Si la variabilité des mesures obtenues peut être liée au matériel génétique et donc au métabolisme des plantes, il est également possible que cette variabilité provienne de la teneur en eau des tissus testés. En effet, lors de la première expérience, nous avons travaillé sur du matériel frais. Pour pallier ce problème potentiel, nous avons, dans cette deuxième expérience, prélevé 50 mg de racines fraîches qui ont ensuite été lyophilisées. L’analyse a ensuite été réalisée en fonction du poids sec des tissus prélevés.

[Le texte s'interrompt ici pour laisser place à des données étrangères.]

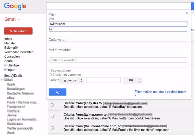 Ga naar je Gmail-inbox in je browser en klik op het tandwiel rechtsboven. Kies voor Instellingen en navigeer naar het tabblad Filters en geblokkeerde adressen. Hier zie je een overzicht van al je aangemaakte filters. Heb je nog geen filters toegevoegd, klik dan onderin op Nieuw filter maken. Wil je alle mail van een bepaalde site naar een aparte map aan de linkerkant toewijzen, geef dan bijvoorbeeld onder Van een site op als twitter.com. Vervolgens klik je op Filter maken met deze zoekopdracht. Op de volgende pagina kun je de optie Inbox overslaan selecteren als je wilt dat berichten van Twitter niet meer in je reguliere inbox verschijnen. Lees ook: 17 tips om je e-mail te beheren met Inbox by Gmail.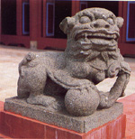 公獅石刻 花岡石質,縱橫皆約35公分,清代作品,立於大成殿臺基欄牆之上。公獅禿頭大眼、張口裂牙,一副勇猛之狀,頸上鈴鐺有被制伏與寵物之意,踩球呈現英姿,也有吉祥歡欣之意。 |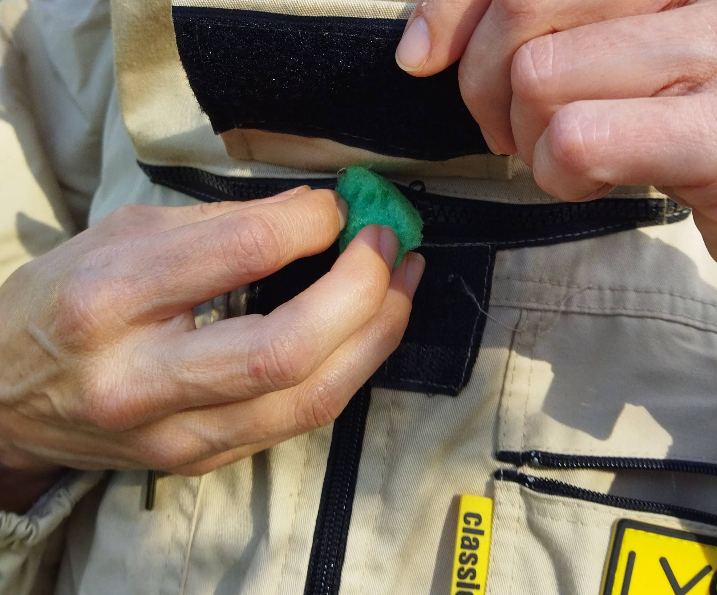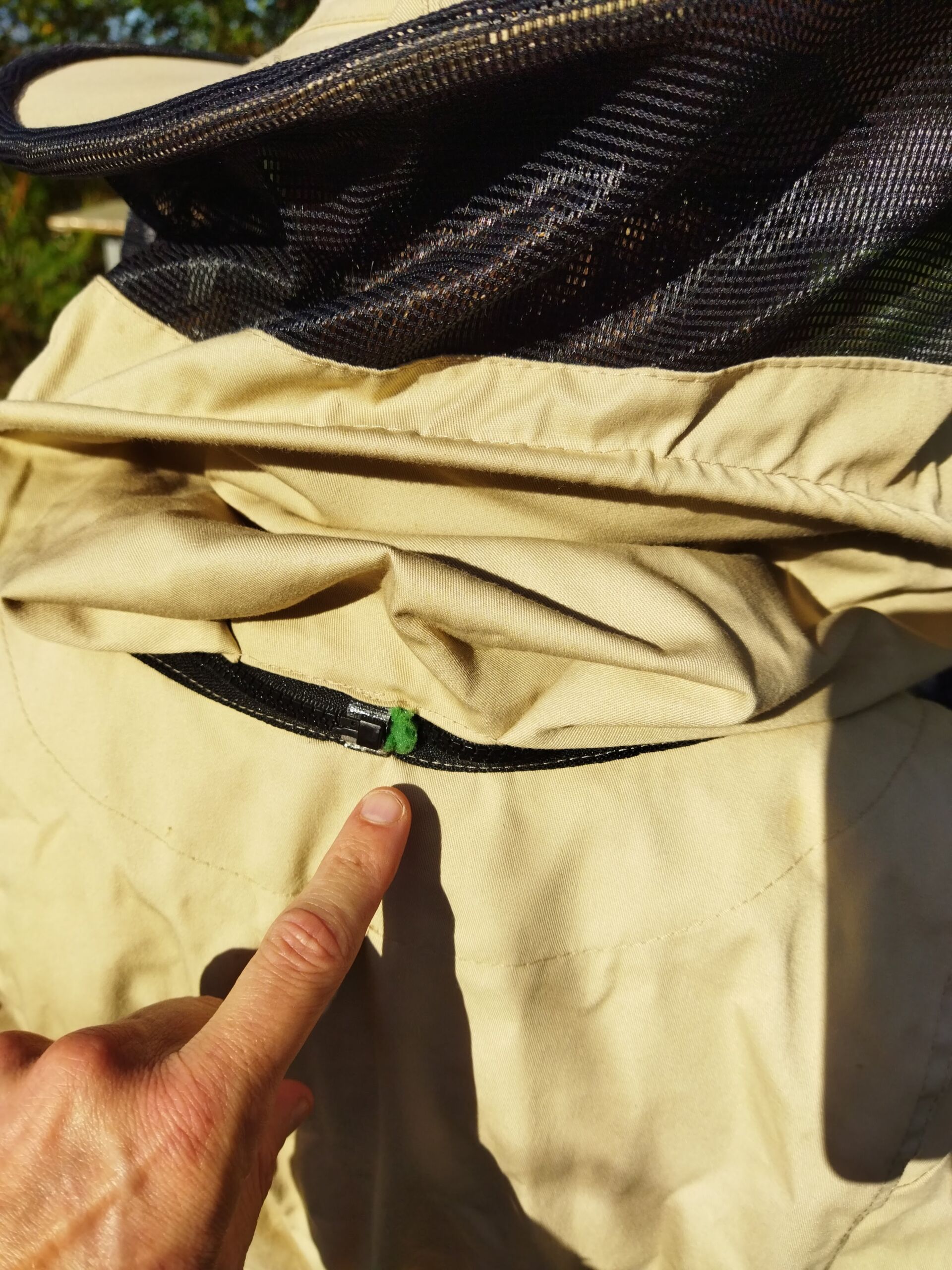 Erleak haserre daudenean erlezain trajearen edozein zirrikitutik sartzeko gai dira. Ez pentsatu nahikoa izango denik trajearen kremailerak ixtearekin eta belkroa pegatzearekin; sartzeko gai dira, zinez diot! Ez da txantxetarako kontua zure aurpegi aurrean, trajea pasa eta bizpahiru erle oso-oso haserre izatea… Eta ezin atera bertatik! Hasten dira orduan garrasiak, kolpeak aurpegian, zentzurik gabeko korrikaldiak; ihes egiteko ahaleginean etsaia barruan izanda! Eskarmentuarekin ikastea oso egokia iruditzen zaidan arren, hobe egoera desatsegin hau aurrezten baldin baduzu. Beraz, lehenik eta behin, ondo ikasi 3. lezioa, eta horretaz gain erlezain trajearen zirrikitu guztiak ondo tapatu (belaki zati bat erabili horretarako, argazkian adierazten den moduan).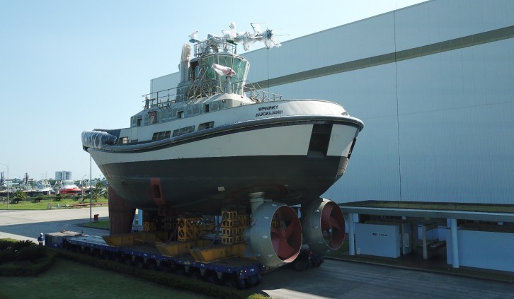 Sparky is being transported to painting shop. Image by Damen Shipyards Group. Damen Shipyards Group press release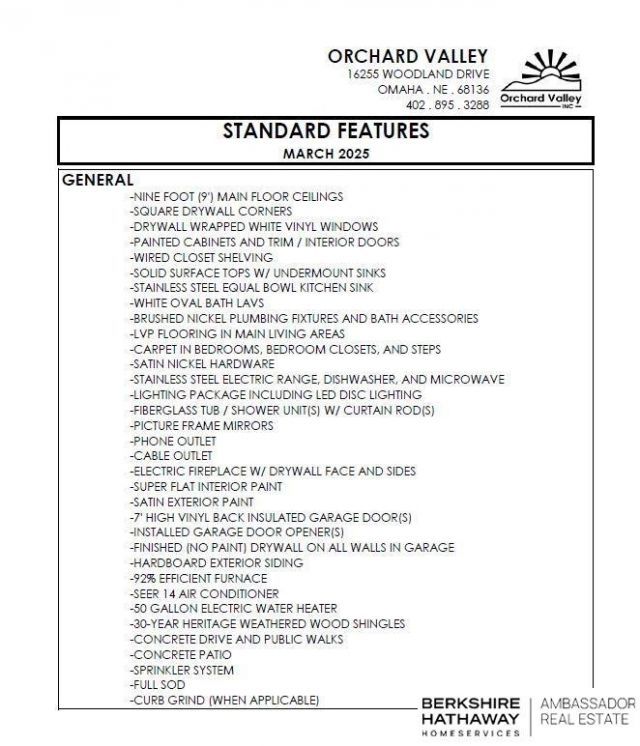 Orchard Valley Inc builds homes that work for real life - with room to grow, space to gather, and features families actually use. Located throughout the Omaha metro, these homes offer huge square footage at affordable prices, making them ideal for busy households. Open-concept layouts with 9' ceilings create bright, connected living spaces, while durable LVP flooring handles everyday wear and tear. The kitchen comes ready with solid-surface countertops, painted cabinets, stainless steel appliances, and generous storage - perfect for weeknights or weekend hosting. Outside, enjoy a concrete patio, full sod, and sprinkler system, plus 92% energy-efficient heating and cooling to keep monthly costs predictable. From homework zones to movie nights, Orchard Valley homes are designed to support the way families live today. -More space for your family - without stretching your budget. All photos are artist renderings and not actual to plans, Home to be complete in Dec 2026

Les analyses obtenues dans le cadre de cette seconde expérimentation ne sont pas présentés dans ce manuscrit de thèse. En effet malgré l’augmentation du nombre de prélèvements et malgré toutes les précautions prises, les résultats obtenus ont de nouveau montré une hétérogénéité trop importante les rendant inexploitables pour tenter de mettre en évidence une corrélation entre le niveau d’expression de certains gènes et la synthèse de furanocoumarines. Ces travaux devrons être réitérés par la suite sous réserve de prendre certaines nouvelles précautions. Il est envisageable de travailler sur un même génotype, mais il reste possible dans ce cas que l’hétérogénéité de conditions de culture génèrent des réponses métaboliques différentes, ou sur des cultures cellulaires qui devraient premettre de s’affranchir des conditions de culture. Il est également possible que les traitements choisis dans le cadre de l’étude présentée ici ne soient pas les mieux adaptés. Même si les UV semblent prometteurs, d’autres éliciteurs biotiques ou abiotiques pourraient permettre de mettre en évidence une accumulation plus significative des furanocoumarines.